If you have Ben Moore over there- Aura Matte. A truly scrubble flat will not be really flat, it will have a tiny bit of sheen. That is the case with this paint, but it is the best for wash that I know of.


----------



## ewingpainting.net (Jun 2, 2008)

there is no such thing, a true flat is not washable, a true washable will have at least a matte finish.


----------



## CApainter (Jun 29, 2007)

ewingpainting.net said:


> there is no such thing, a true flat is not washable, a true washable will have at least a matte finish.


tech,

Listen to this man. He knows what he's talking about.



BTW, no one really washes flat walls. They're usually just painted over, or if cleaned, expected to leave on obvious wiped area. If the environment is one that will be exposed to contaminants that would require a cleaning schedule, you may want to consider an enamel semi gloss of sorts.


----------



## caddisfly007 (Mar 25, 2009)

Something to consider: Sherwin-Williams Builders Solution Flat. Designed to be cleanable and have excellent touch up capabilities.


----------



## TJ Paint (Jun 18, 2009)

If you want a washable flat, get some eggshell.


----------



## NACE (May 16, 2008)

My apologies. Scuff Master. 5000 cycles Astm standard.


----------



## ReNt A PaInTeR (Dec 28, 2008)

caddisfly007 said:


> Something to consider: Sherwin-Williams Builders Solution Flat.
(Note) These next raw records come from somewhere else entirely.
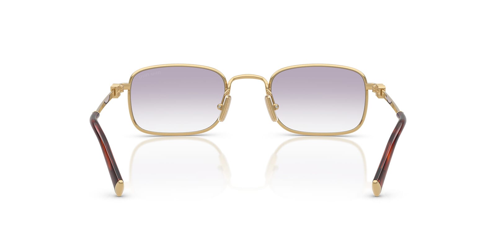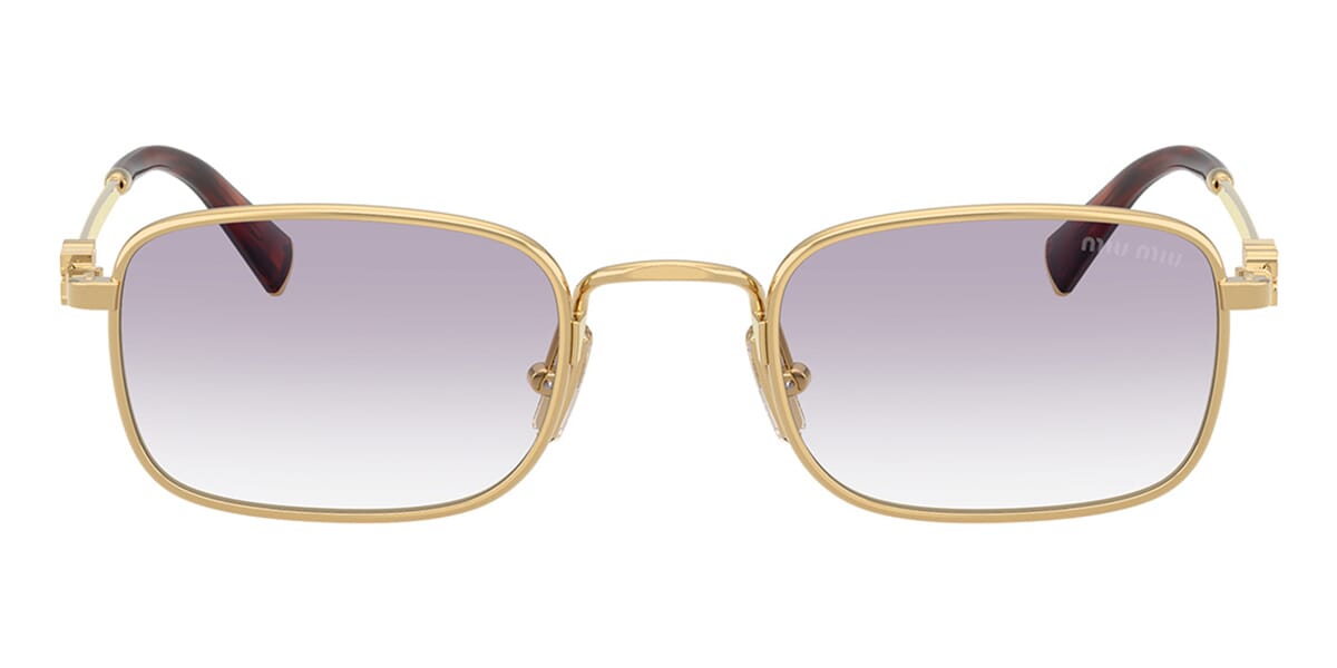 This rectangular Miu Miu sunglass comes in a gold frame with dark grey to clear gradient lenses.
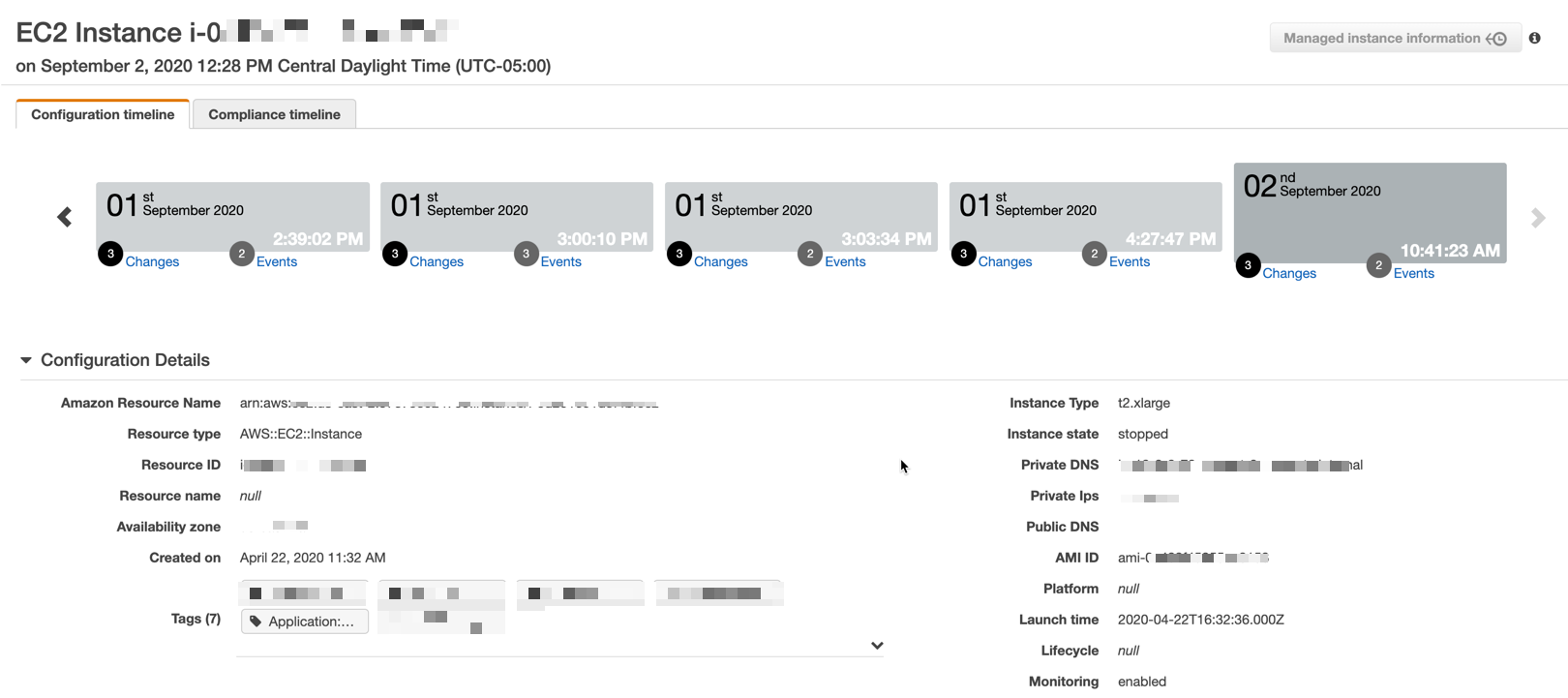 You can gain further insights into the compliance issue by following the links from the Rule name to review the configuration timeline.
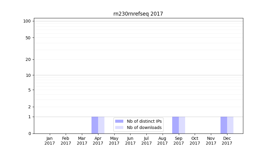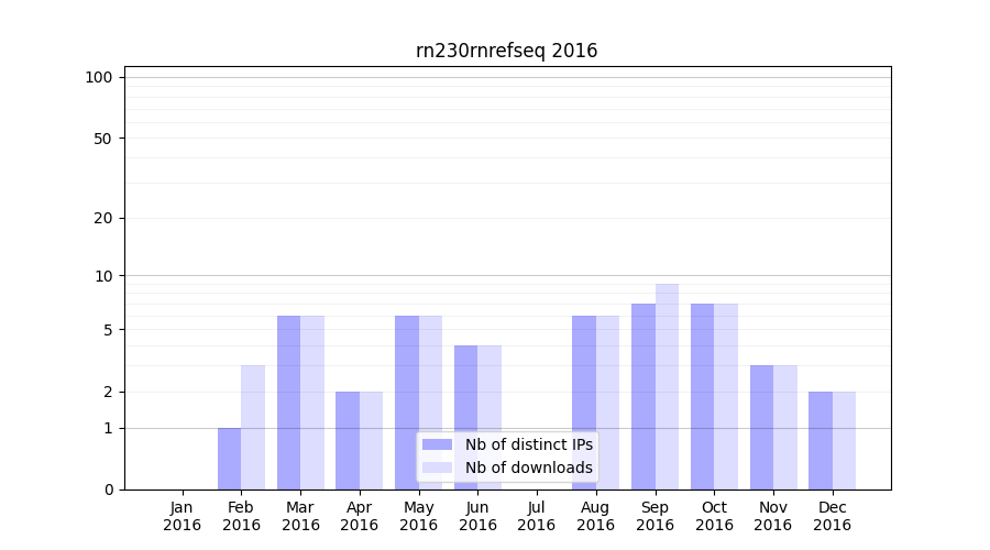 Number of downloads for annotation package rn230rnrefseq, year by year, from 2025 back to 2014 (years with no downloads are omitted):
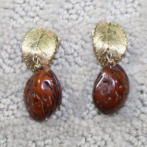 Vintage Napier Gold-tone Leaf & Brown Seed Drop Pit Earrings Signed
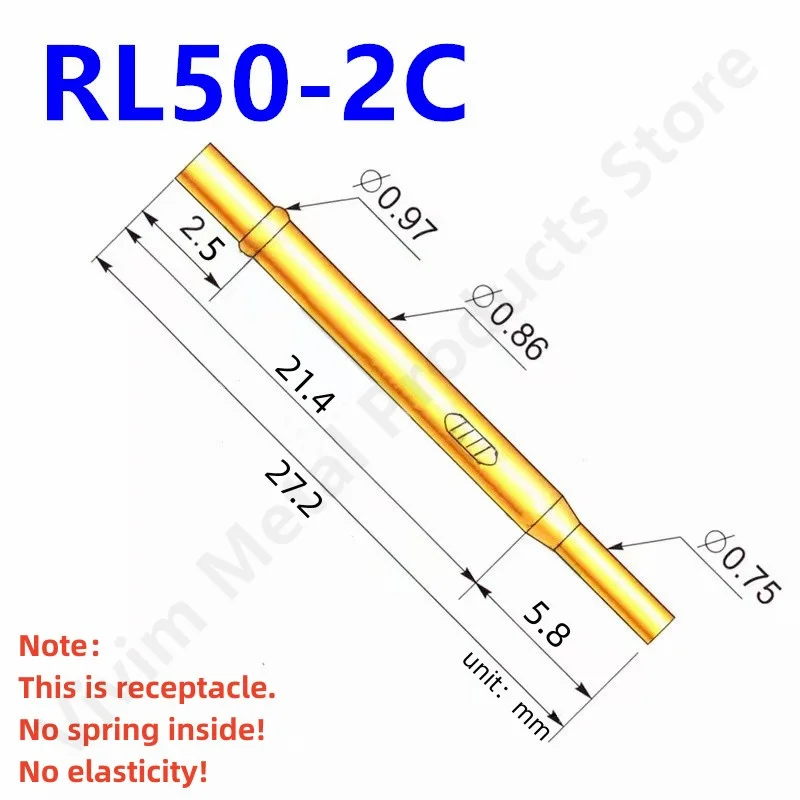 Experience reliable and durable contact with this this gold-plated receptacle designed specifically for ICT and FCT spring test probes. Crafted from high-quality brass and finished with a shiny gold coating, it ensures excellent conductivity and corrosion resistance. Measuring 27.2mm in length, with an outer diameter of 0.86mm and a collar diameter of 0.97mm, it features a collar height of 2.5mm and a mounting hole diameter of 0.90mm for secure installation. Its smooth, polished surface and precise manufacturing allow for quick, easy installation and removal, making maintenance effortless. Whether you’re testing PCBs or electronic assemblies, this receptacle offers stable, repeatable contact for your testing needs, providing confidence in every measurement. Its compact size and high-quality metal ensure long-lasting performance in demanding environments.
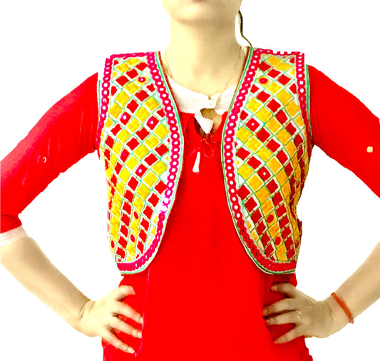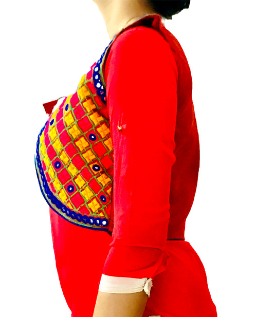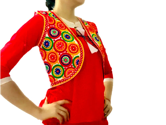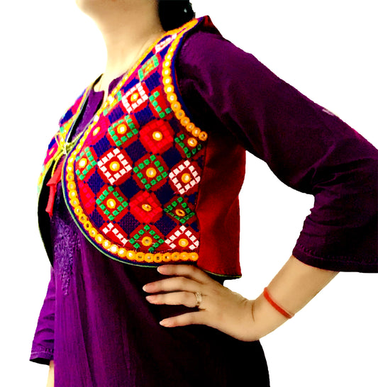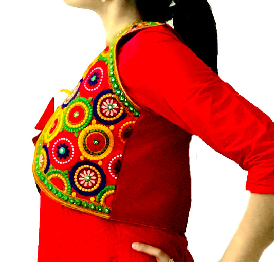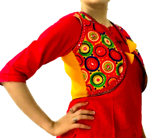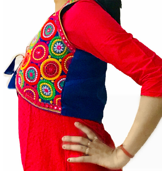 Runjhun Ethnic Red Chequered Mirror Koti
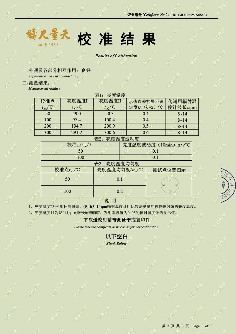 分體式面源黑體輻射源(室溫+5-300℃)校準(zhǔn)證書 2025-9-12 本文被閱讀 2013 次
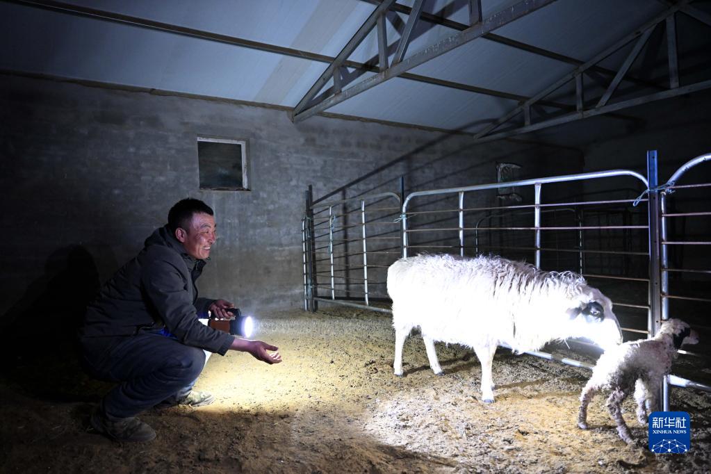 3月28日深夜,朝克德力根来到羊圈中查看母羊和新生羊羔的情况。
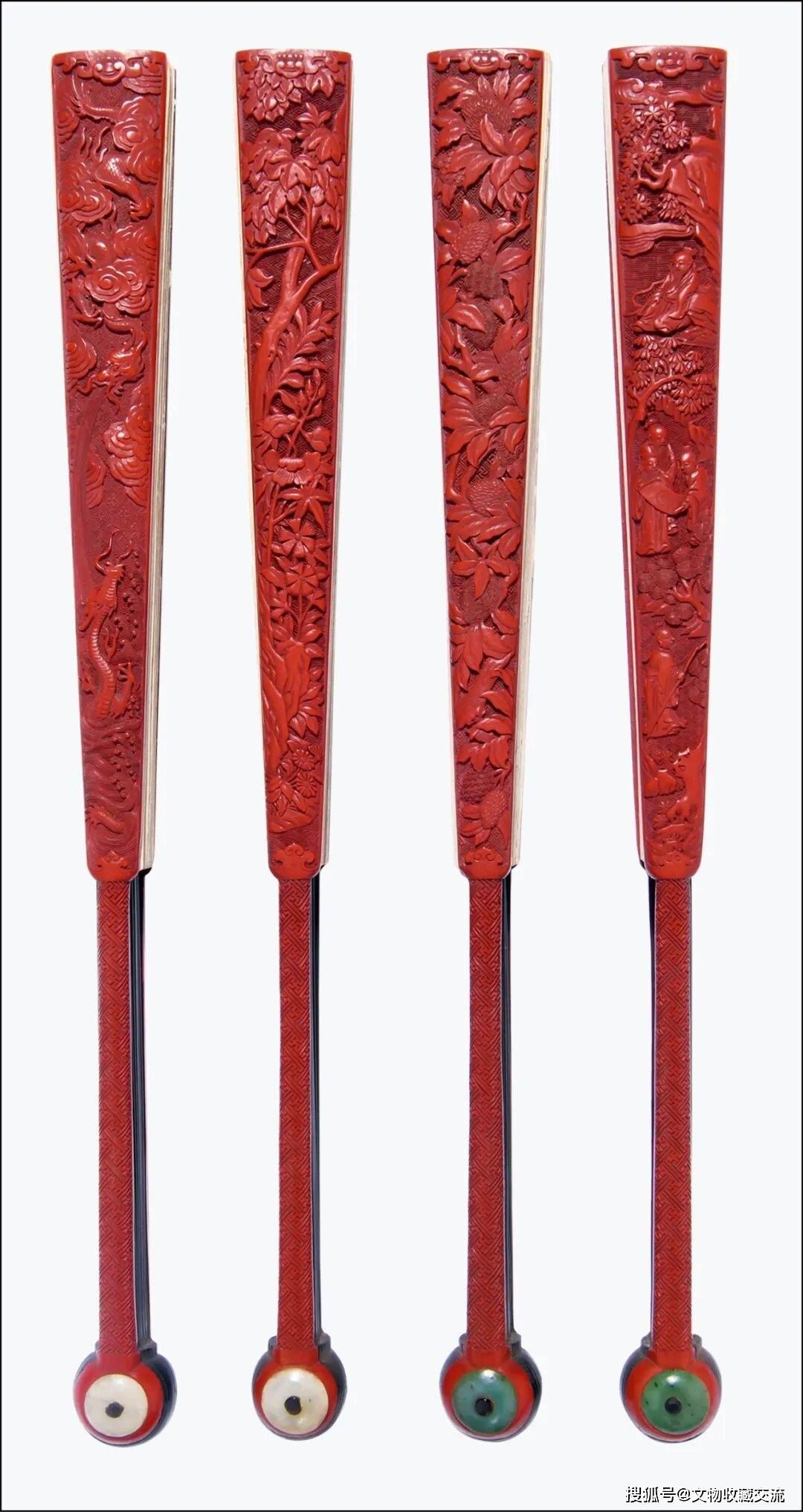 剔红会昌九老图、云龙纹、九秋图、荔枝纹扇骨一套四把

Designed to be cleanable and have excellent touch up capabilities.


Builders Solutions is a relabeled product for homeowners. As far as I know is the same as ProMar 200.


----------



## HQP2005 (Feb 14, 2012)

TJ Paint said:


> If you want a washable flat, get some eggshell.


 
I have not used a flat in my house since my first child was born. :no:

eggshell was invented for parents.


----------



## mudbone (Dec 26, 2011)

I like the matt or the flt. enamel.Not to shiny and not to flat.Best of both worlds.Also scrubble.:thumbsup:


----------



## Wood511 (Dec 13, 2010)

You wouldn't by chance have a cat that sneezes on the walls would you?


----------



## DeanV (Apr 18, 2007)

NACE said:


> My apologies. Scuff Master. 5000 cycles Astm standard.


I just googled scuff master, but did nit see any flats. Eggshell was the flattest sheen.


----------



## bskerley (Apr 15, 2011)

Cashmere, But still not flat flat.


----------



## mudbone (Dec 26, 2011)

Wood511 said:


> You wouldn't by chance have a cat that sneezes on the walls would you?


 :blink:?


----------



## Builtmany (Dec 5, 2009)

caddisfly007 said:


> Something to consider: Sherwin-Williams Builders Solution Flat. Designed to be cleanable and have excellent touch up capabilities.


IMO you can't wash that paint without leaving some sort of mark, it's too flat. It touches up well though.


----------